In the 1870s, her family relocated to Greenwich Village in New York. In their teens, Margaret Armstrong and her younger sister, Helen, designed holiday cards and party invitations. Their collaboration continued for several decades, with Margaret designing primarily book covers and Helen portraying human figures within the pages of the books.

Photo courtesy of University Libraries

Photo courtesy of University Libraries

Margaret Armstrong studied at the Art Students League of New York City. Her professional and commercial career began in 1883 at the age of 16 when she sent some menus and place cards that she had made to be sold at the Women’s Exchange in New York City. Armstrong’s first book cover design was published in 1890 by McClurg Publishing Company. She had submitted this first cover for “Sweet William” by Marguerite Bouvet under the name M.N. Armstrong because she was fearful of presenting herself as a woman in what was considered, at the time, a male profession of book cover illustrators. Armstrong designed other covers for McClurg, but it would be Scribner’s that would print half of her 300 bindings.

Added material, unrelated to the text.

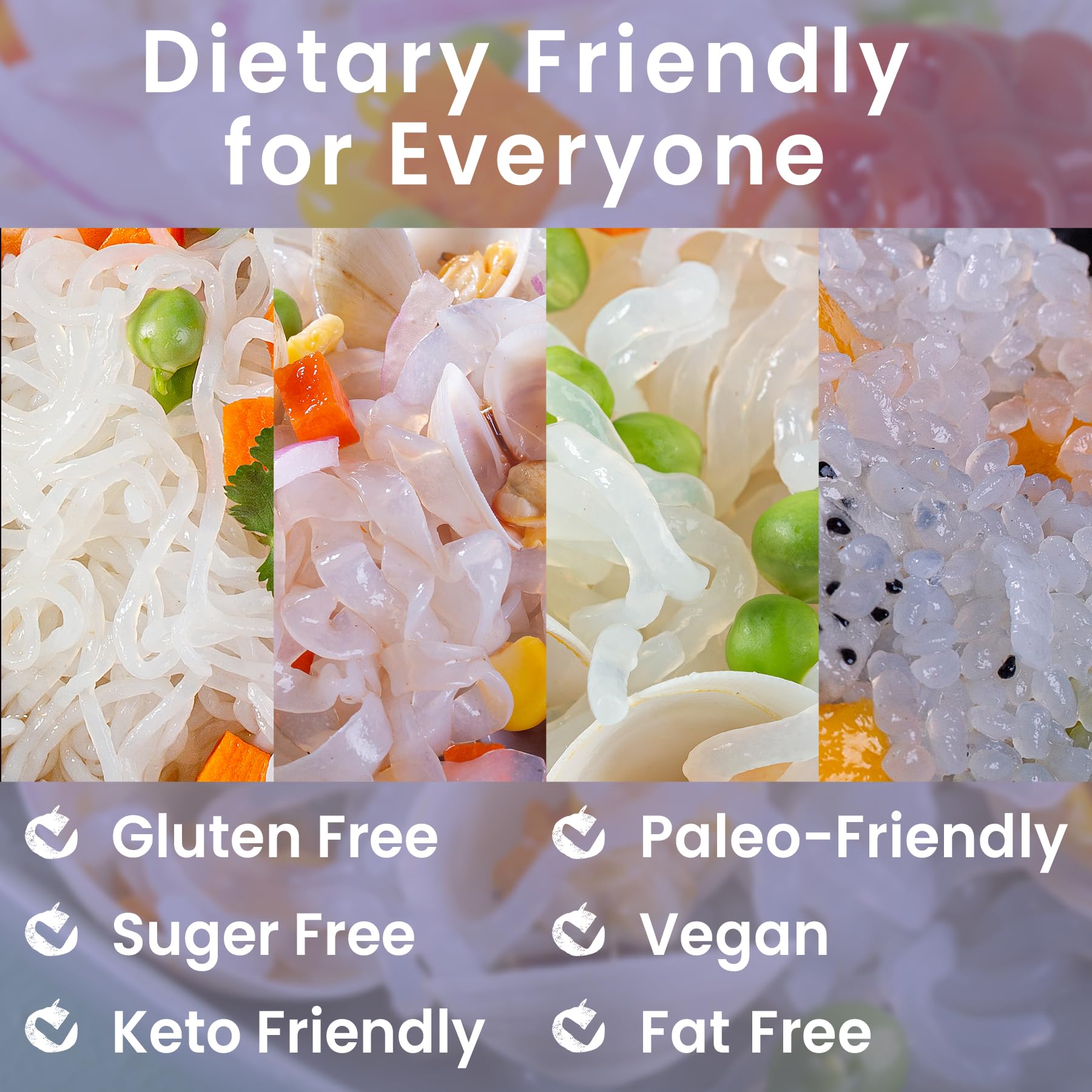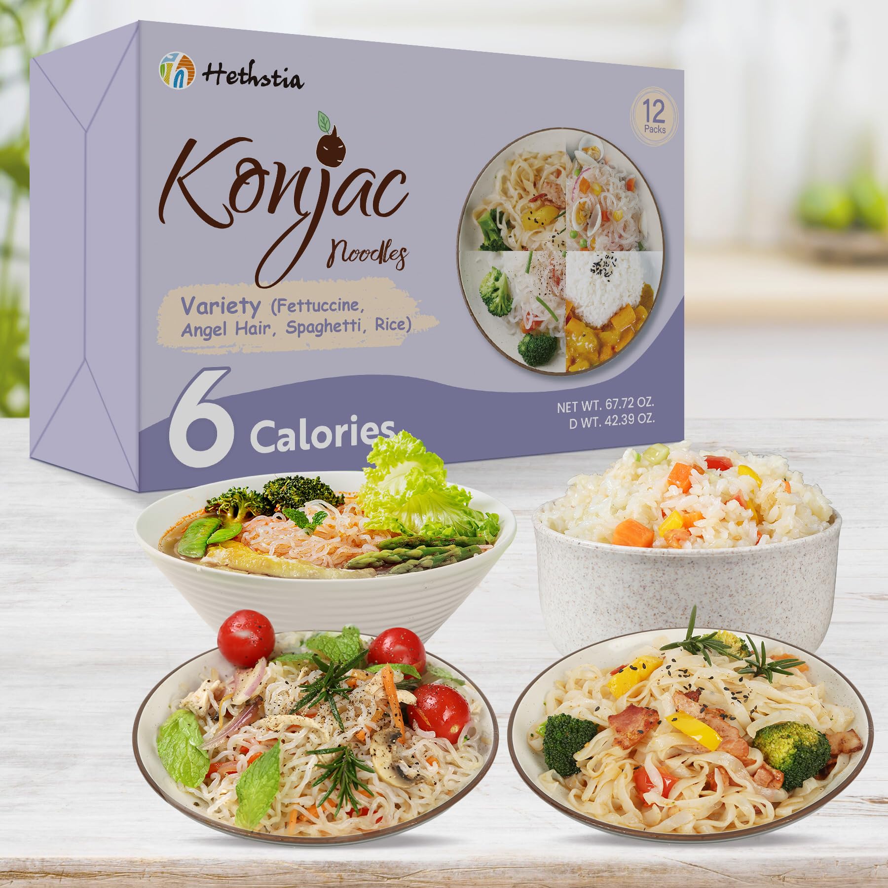 Experience The Ultimate In Healthy Eating With The Hethstia Konjac Noodles Variety Pack! This 12-Pack Includes An Assortment Of Spaghetti, Fettuccine, Angel Hair, And Rice Shapes, Providing A Versatile And Delicious Alternative To Traditional Pasta And Rice. Made From Konjac Yam, Our Shirataki Noodles Are Low In Calories, Low Glycemic, And Free From Gluten And Sugar, Making Them Suitable For A Wide Range Of Diets Including Keto, Paleo, And Vegan. Hethstia Konjac Noodles Are Pre-Cooked And Ready To Eat, Offering A Convenient Solution For Quick And Nutritious Meals. Whether You'Re Preparing A Classic Spaghetti Dish, A Creamy Fettuccine, A Delicate Angel Hair Pasta, Or A Hearty Rice Bowl, Our Variety Pack Has You Covered. Why Choose Hethstia Konjac Noodles Variety Pack Variety & Versatility: Four Different Shapes For Diverse Meal Options. Low Calorie & Low Gi: Supports Weight Management And Stable Blood Sugar. Keto & Paleo-Friendly: Perfect For Maintaining Specific Dietary Goals. Vegan & Gluten-Free: Fits Various Dietary Preferences. Sugar-Free: Ideal For Those Monitoring Sugar Intake. Ready To Eat: Convenient And Easy Meal Preparation. How To Prepare: 1.Open A Pack Of Hethstia Konjac Noodles Or Rice. 2.Rinse Thoroughly Under Cold Water. 3.Heat In A Pan For 2-3 Minutes Or Microwave For 1 Minute. 4.Add Your Favorite Sauce Or Ingredients And Enjoy! This Variety Pack Is Also A Great Gift For Health-Conscious Individuals. Delight Your Friends And Family With A Nutritious And Delicious Alternative To Traditional Pasta And Rice, Perfect For Supporting Their Healthy Diet Goals.

At the start of the 20th century, matching cloth and similar designs by Armstrong began to mark the books of one author as being in a set. She designed “set” bindings for authors such as Paul Bourget, George Washington Cable, Paul Lawrence Dunbar, Paul Leicester Ford, Myrtle Reed and Frank Stockton. Her use of asymmetrical designs on book spines, covers and title pages was distinctive. Many of her designs compartmentalize elements as in stained glass.

By 1910, her freelance cover work decreased as she began to write. In her 40s, she traveled around the United States, and in 1911, she was among the first women to descend to the floor of the Grand Canyon, where she discovered new species of wildflowers. In 1915, she published her first book, “Field Book of Western Wildflowers,” which included more than 500 of her drawings.

Toward the end of her life, Armstrong wrote almost exclusively, and she completed a family history, two successful biographies and three murder mysteries.

Her work has been the center of major exhibits and private collections over the last 50 years. In 1968, the University of California published “A Checklist of Trade Bindings by Margaret Armstrong.” Other books documenting her “MA” monogram and the rare signed editions have followed.

“SC&A and the University Libraries are dedicated to preserving and building on this important collection of Margaret Armstrong’s work generously donated by Wendi Slagle,” says University Librarian John Zenelis.

Slagle also donated a larger collection of late 19th- and early 20th-century books with artists’ bindings to Special Collections and Archives, and the entire collection features 113 volumes.